Manuscript accepted - Gene therapy for CPVT

June 23, 2019

CPVT gene therapy figure

Background:
Catecholaminergic polymorphic ventricular tachycardia (CPVT), an inherited cardiac arrhythmia characterized by adrenergically triggered arrhythmias, is inadequately treated by current standard of care. Ca2+/calmodulin-dependent protein kinase II (CaMKII), an adrenergically activated kinase that contributes to arrhythmogenesis in heart disease models, is a candidate therapeutic target in CPVT. However, translation of CaMKII inhibition has been limited by the need for selective CaMKII inhibition in cardiomyocytes.

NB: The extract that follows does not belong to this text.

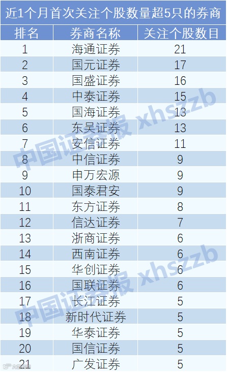从券商角度看,海通证券近1月首次关注的个股最多,关注了21只;国元证券排名第二,近1月首次关注了17只个股;国盛证券近1月首次关注了16只个股,排名第三;中泰证券近1月首次关注了15只个股,排名第四;国海证券、东吴证券近1月均首次关注了13只个股,并列排名第五。

Here we tested the hypothesis that CaMKII inhibition using a cardiomyocyte-targeted gene therapy strategy would suppress arrhythmia in CPVT mouse models.

Methods:
We developed AAV9-GFP-AIP, an adeno-associated viral vector in which a potent CaMKII inhibitory peptide (AIP), is fused to GFP and expressed from a cardiomyocyte selective promoter. The vector was delivered systemically. Arrhythmia burden was evaluated using invasive electrophysiology testing in adult mice. AIP was also tested on induced pluripotent stem cells (iPSC) derived from CPVT patients with different disease-causing mutations to determine the effectiveness of our proposed therapy on human iPSC-derived cardiomyocytes (iPSC-CMs) and different pathogenic genotypes.

Results:
AAV9-GFP-AIP was robustly expressed in the heart without significant expression in extra-cardiac tissues, including the brain. Administration of AAV9-GFP-AIP to neonatal mice with a known CPVT mutation ( RYR2R176Q/+) effectively suppressed ventricular arrhythmias induced by either β-adrenergic stimulation or programmed ventricular pacing, without significant proarrhythmic effect. Intravascular delivery of AAV9-GFP-AIP to adolescent mice transduced ~50% of cardiomyocytes and was effective in suppressing arrhythmia in CPVT mice. iPSC-CMs derived from two different CPVT patients with different pathogenic mutations demonstrated increased frequency of abnormal calcium release events, which was suppressed by a cell-permeable form of AIP.

Conclusions:
This proof-of-concept study showed that AAV-mediated delivery of a CaMKII peptide inhibitor to the heart was effective in suppressing arrhythmias in a murine model of CPVT. CaMKII inhibition also reversed the arrhythmia phenotype in human CPVT iPSC-CMs models with different pathogenic mutations.